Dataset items
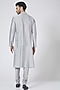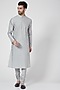 Featuring a light grey kurta in cotton silk base with tonal resham embroidery. It is paired with matching churidar pants.
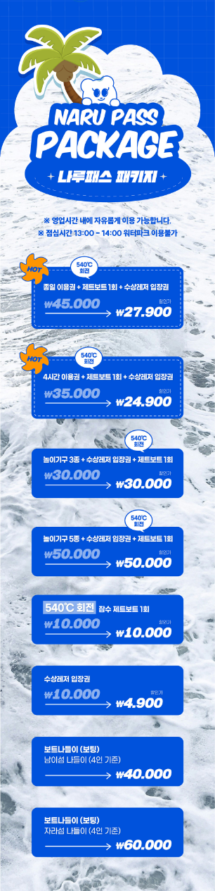 | H 패키지(놀이기구 종일 무제한) | 55,000 |
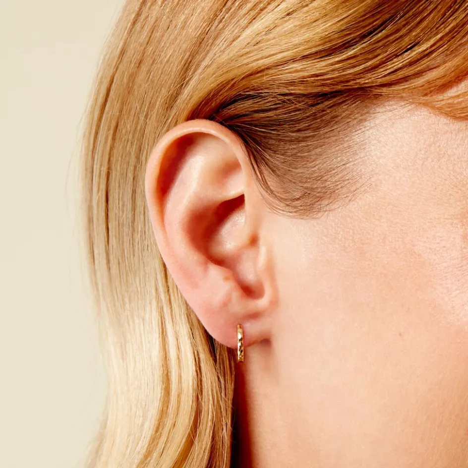 Mini Créoles Or Jaune 375/1000 Diamanté Largeur De Fil 1Mm Diametre 8Mm
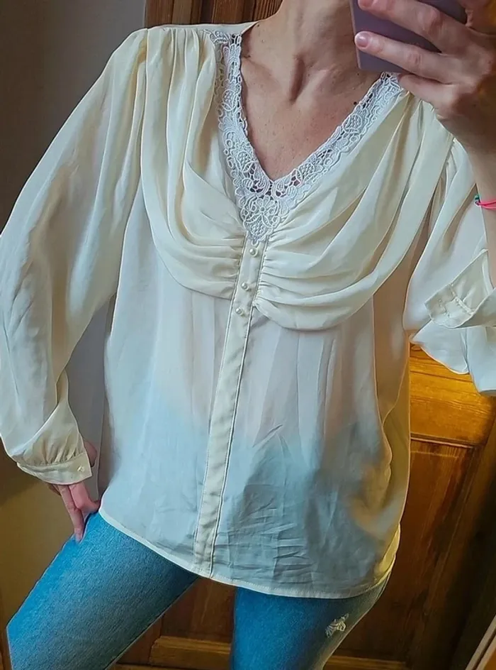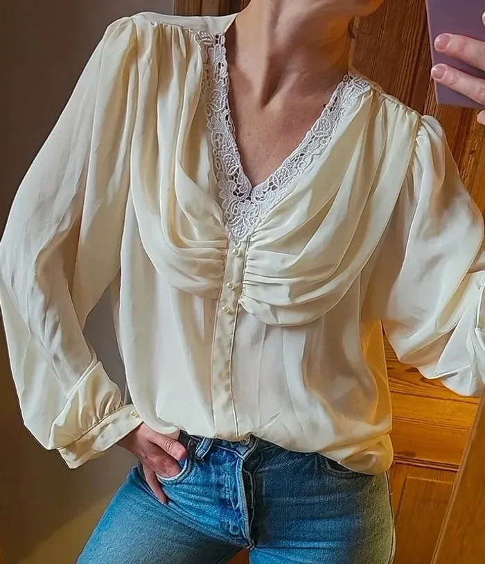 💫Blouse vintage crème broderie made in France 💫Très bon état, micros tâches poignets 💫Réductions sur lots appliquées -10% dès 2 articles achetés -15% dès 3 articles achetés -20% dès 5 articles achetés #vintagelook #vintage #femme #vinted #donna #aesthetic #rock #vintedpro #camisa #90s #y2k #retro #broderie #chic #evening #ladylike #cottagecore #fairycore #collavalliere #madeinfrance #fripsixteen #blouse
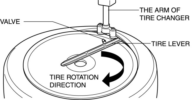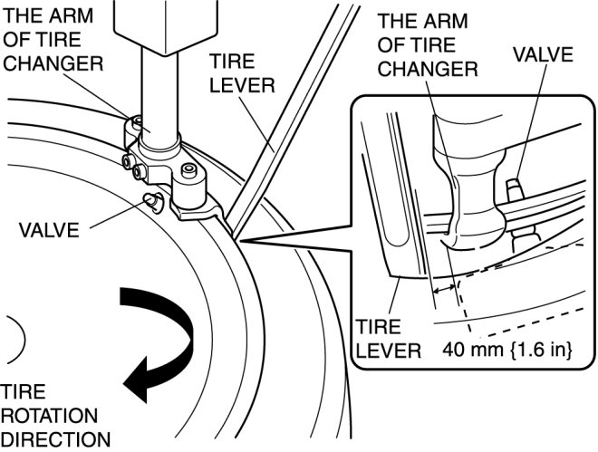 4. Insert the tire lever at the point 40 mm {1.6 in} from the wheel unit in the direction that the tire changer turntable rotates.
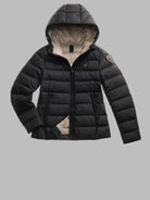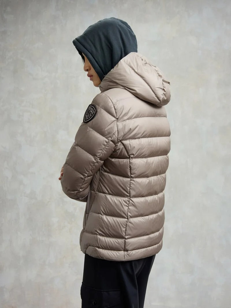 Piumino donna idrorepellente trapuntato a righe orizzontali. Capo con imbottitura leggera, calda e non ingombrante, dai colori fashion e dal taglio che risalta il punto vita.
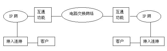 第三階段的重點(diǎn)是電路交換網(wǎng)通過IP網(wǎng)至電路交換網(wǎng),即實現(xiàn)以Internet作為傳送手段進(jìn)行通信的目的,其示意圖如圖所示。
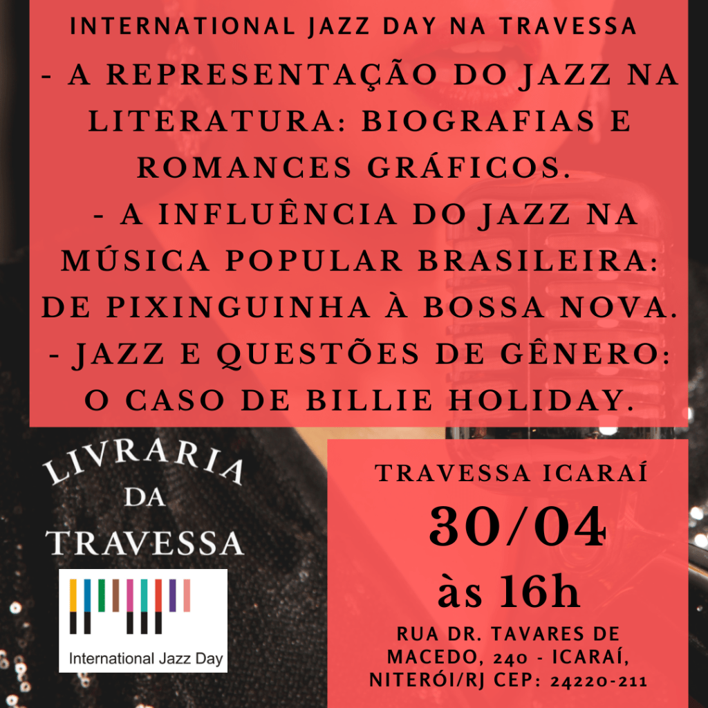 30 de Abril, às 16h – Dia Internacional do Jazz na LivrariaTravessa – Bate -papo “O Jazz e a Literatura” com Geisa Fernandes

* _ACTIVITY_: All lines from the one bearing "#madeinfrance #fripsixteen #blouse" through the last line of the records, and only those, should be duplicated exactly; no picture belongs in the copy.

* _WRITTEN RESPONSE_:
 💫Blouse vintage crème broderie made in France 💫Très bon état, micros tâches poignets 💫Réductions sur lots appliquées -10% dès 2 articles achetés -15% dès 3 articles achetés -20% dès 5 articles achetés #vintagelook #vintage #femme #vinted #donna #aesthetic #rock #vintedpro #camisa #90s #y2k #retro #broderie #chic #evening #ladylike #cottagecore #fairycore #collavalliere #madeinfrance #fripsixteen #blouse
 4. Insert the tire lever at the point 40 mm {1.6 in} from the wheel unit in the direction that the tire changer turntable rotates.
 Piumino donna idrorepellente trapuntato a righe orizzontali. Capo con imbottitura leggera, calda e non ingombrante, dai colori fashion e dal taglio che risalta il punto vita.
 第三階段的重點(diǎn)是電路交換網(wǎng)通過IP網(wǎng)至電路交換網(wǎng),即實現(xiàn)以Internet作為傳送手段進(jìn)行通信的目的,其示意圖如圖所示。
 30 de Abril, às 16h – Dia Internacional do Jazz na LivrariaTravessa – Bate -papo “O Jazz e a Literatura” com Geisa Fernandes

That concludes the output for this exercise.